A total of 49 patients (30/49, 61% women; mean age 33.41, SD 12.79 years) were included in this study. Across all patients, the interview-based diagnoses matched ADA's first condition suggestion in 51% (25/49; 95% CI 37.5-64.4) of cases and 1 of the first 5 condition suggestions in 69% (34/49; 95% CI 55.4-80.6) of cases. Within the main disorder categories, the accuracy of ADA's first condition suggestion was 0.82 for somatoform and associated disorders, 0.65 for affective disorders, and 0.53 for anxiety disorders. Interrater reliabilities ranged from low (AC1=0.15 for anxiety disorders) to good (AC1=0.76 for somatoform and associated disorders). The usability of ADA was rated as high in the System Usability Scale (mean 81.51, SD 11.82, score range 0-100). Approximately 71% (35/49) of participants would have preferred a face-to-face over an app-based diagnostic.
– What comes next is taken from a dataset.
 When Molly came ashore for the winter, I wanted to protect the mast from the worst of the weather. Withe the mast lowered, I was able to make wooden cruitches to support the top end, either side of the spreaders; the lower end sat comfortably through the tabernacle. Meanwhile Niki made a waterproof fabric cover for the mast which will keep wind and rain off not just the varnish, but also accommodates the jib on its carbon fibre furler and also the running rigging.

Overall, our findings suggest that a widely available symptom checker used in the formal diagnosis of mental disorders could provide clinicians with a list of condition suggestions with moderate-to-good accuracy. However, diagnostic performance was heterogeneous between disorder categories and included low interrater reliability. Although symptom checkers have some potential to complement the diagnostic process as a screening tool, the diagnostic performance should be tested in larger samples and in comparison with further diagnostic instruments.
数字技术已成为寻求健康相关信息的常见起点。基于网络或应用程序的症状检查器旨在提供快速准确的病情建议和分诊建议,但在常规医疗环境中尚未针对精神障碍进行研究。
本研究旨在测试一种广泛使用的症状检查器在精神障碍正式诊断背景下的诊断性能,并与基于结构化临床访谈的治疗师诊断进行比较。
来自门诊心理治疗诊所的成年患者在就诊时使用基于应用程序的症状检查器Ada - 检查您的健康状况(ADA;Ada Health GmbH)。准确性评估为ADA的前5个病情建议中的第1个建议与至少一个基于访谈的治疗师诊断的一致性。此外,还计算了3种最常见疾病类别的敏感性、特异性和评分者间信度(Gwet一阶一致性系数[AC1])。评估了自我报告的可用性(使用系统可用性量表进行评估)和对ADA的接受度(使用改编的反馈问卷进行评估)。
本研究共纳入49例患者(30/49,61%为女性;平均年龄33.41岁,标准差12.79岁)。在所有患者中,基于访谈的诊断与ADA的第一个病情建议在51%(25/49;95%置信区间37.5 - 64.4)的病例中匹配,与前5个病情建议中的1个在69%(34/49;95%置信区间55.4 - 80.6)的病例中匹配。在主要疾病类别中,ADA第一个病情建议的准确性在躯体形式及相关障碍中为0.82,在情感障碍中为0.65,在焦虑障碍中为0.53。评分者间信度从低(焦虑障碍的AC1 = 0.15)到高(躯体形式及相关障碍的AC1 = 0.76)不等。ADA的可用性在系统可用性量表中被评为高(平均81.51,标准差11.82,评分范围0 - 100)。约71%(35/49)的参与者更喜欢面对面诊断而非基于应用程序的诊断。
总体而言,我们的研究结果表明,在精神障碍正式诊断中使用的一种广泛可用的症状检查器可以为临床医生提供准确性中等至良好的病情建议列表。然而,不同疾病类别之间的诊断性能存在差异,且评分者间信度较低。尽管症状检查器作为一种筛查工具在补充诊断过程方面有一定潜力,但应在更大样本中并与更多诊断工具进行比较来测试其诊断性能。